Physique du bâtiment • Conception générale

Publication de l'article

Julien Jakubowski
Publié le: 29.05.2016
Révisé le: 27.07.2023

Sujets de l'article

Thème(s)

Physique du bâtiment • Conception générale

Publication de l'article

Julien Jakubowski
Publié le: 29.05.2016
Révisé le: 27.07.2023

Le développement durable est un concept flou. Pourtant, bien des praticiens de l’architecture et de la construction ont, à différents degrés, fait de cette notion un objet de réflexion ou de critique. Le livre Qu’est-ce que le développement durable pour les architectes rassemble ainsi une soixantaine de textes libres et personnels d’architectes et d’urbanistes (qui exercent principalement en France) sur le thème du développement durable dans l’architecture.

« Les labels voyagent mal »

Si tous les architectes qui ont contribué à ce livre approuvent la prise en compte des aspects environnementaux dans les projets, tous sont aussi extrêmement critiques envers la manière dont les enjeux soulevés par le développement durable sont traités aujourd’hui. Ils visent en particulier la trop grande importance donnée aux économies d’énergie et dénoncent le poids des normes et des labels. Car pour nombre d’architectes et urbanistes, toute pensée normative empêche de prendre en compte convenablement le contexte d’un projet et favorise des productions « hors sol ». Ainsi, Kilo Architecture juge que « les labels voyagent mal » et souhaite l’émergence d’approches « ultra-spécifiques, contextuelles et anti-génériques ». Dans un propos similaire, Alain Sarfati estime qu’il ne faut pas être normatif au-delà du raisonnable et proposer le contraire de ce à quoi on aspire, c’est-à-dire « plus de diversité, plus d’innovation, plus d’expérimentation, plus de liberté ». Pour DGLA, la normalisation ne permet pas de garantir la qualité du bâti, car aucun projet ne répond à une situation générique contextuelle ou programmatique.

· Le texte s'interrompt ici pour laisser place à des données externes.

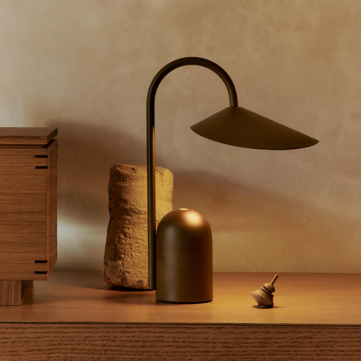 Die Arum Akku LED-Tischleuchte aus dem Hause Ferm Living zeichnet sich durch ihren massiven Marmorsockel aus, der mit einem organisch geformten Lampenschirm kombiniert ist. Der Marmorsockel, der ein harmonisches Gleichgewicht in seinem aussermittigen Design schafft, gleicht die anmutige Aufhängung des Lampenschirms an einem gebogenen Metallbogen aus, der an ein Blatt erinnert. Das matte Innere der Leuchte spendet ein sanftes, gleichmässiges Licht, und der verstellbare Lampenschirm sorgt für eine optimale Beleuchtung in jeder Umgebung.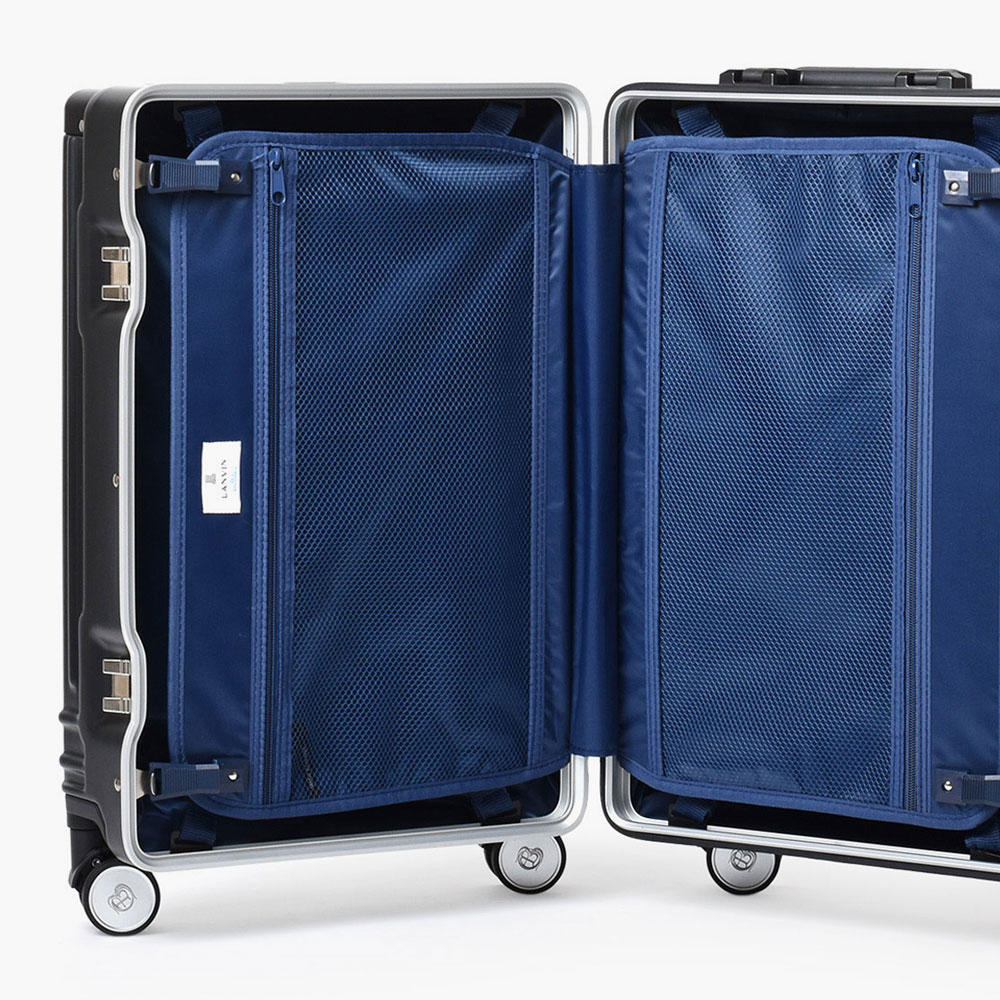 ブランドアイコンを全体に取り入れた、スタイリッシュで機能的なランバンオンブルーのキャリーケース。軽量で強度のあるPPE素材を使用しています。1~2泊の旅行に最適な、機内持ち込み可能サイズです。

Si certains visent directement les normes et les labels, certains dénoncent la pensée technique qui en serait responsable, à l’instar de François Leclercq, qui regrette « les bâtiments thermos aux petites fenêtres », en ajoutant que la pensée technique ne se soucie pas de plaisir. Dans la même veine, NLA critique les environnements entièrement normés et contrôlés et souhaite l’émergence d’une « écologie mentale » qui nous ferait accepter que le climat intérieur puisse varier au fil des journées et des saisons.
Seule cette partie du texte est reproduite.